There’s a lot of value in demystifying mental health issues that leave us feeling isolated from our peers like we’re somehow too strange to be understood. We might not even grasp everything that’s happening to us and start to believe the looks we receive from those more interested in judging than helping. I really struggled with that until I finally encountered a therapist who specialized in treating self-injury. She was able to explain to me why my body responds to pain in a way that makes it an addictive problem. All of a sudden, things about me that used to seem weird were normalized and I was able to be more accepting of myself as an imperfect human being striving toward health.
I know people cut for a variety of reasons and hope to achieve different things from it. I can’t speak to every situation, but I can talk about mine so that others can draw from it what they find helpful and leave the rest. I dug up some of my old notes from sessions I attended a year or so ago. This information revolutionized my ability to tackle my problems. I hope this will be a beneficial read for you. She talked about 2 different theories that could be used to make sense of my cutting—addiction and OCD tendencies. If either of them resonate with your self-injury experience, it might be worth bringing up with your counselor.
Self-injury as Addiction
I personally get a “high” every time I cut that leaves me feeling very euphoric for a while.

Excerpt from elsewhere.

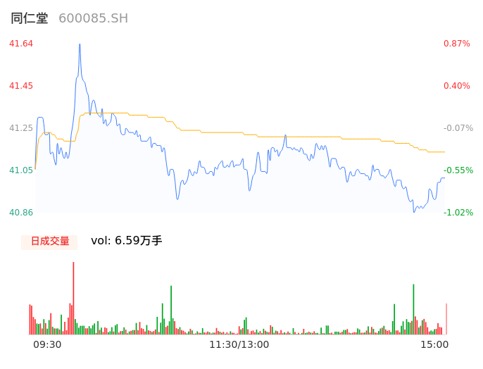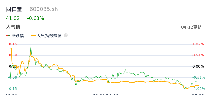 04月12日,同仁堂收报41.02,股价涨幅-0.63%,成交金额2.71亿元,换手率0.48%。

This happens as a result of the opioid receptors in my brain getting overstimulated along with the body’s natural release of endorphins when an injury is sustained. But after the rush subsides, I feel like all my emotions crash and my body feels terrible and sluggish. When I’d been cutting over an extended period of time, I even woke up with nausea and dry heaves for days afterward. Apparently for some people, there is such a thing as withdrawal from self-injury. I was hesitant to call it this at first because withdrawal only seems like an appropriate phrase to me within the context of drugs/alcohol where a foreign substance is introduced into the body. However, I became more comfortable with it as she discussed how my relationship with cutting met the 2 major hallmarks of addiction.
A behavior becomes seriously addictive when you have to increase what you’re doing to get the same high that is later accompanied by withdrawal symptoms when you don’t do it. I also found that I had to cut progressively more and more to capture that same rush. Additionally, the fact that I experienced cravings for the sensation I got from hurting myself even when my day was wonderful and I had no other reason to hurt myself was also somewhat characteristic of an addict’s brain getting reprogrammed into trying to “score” every chance they get.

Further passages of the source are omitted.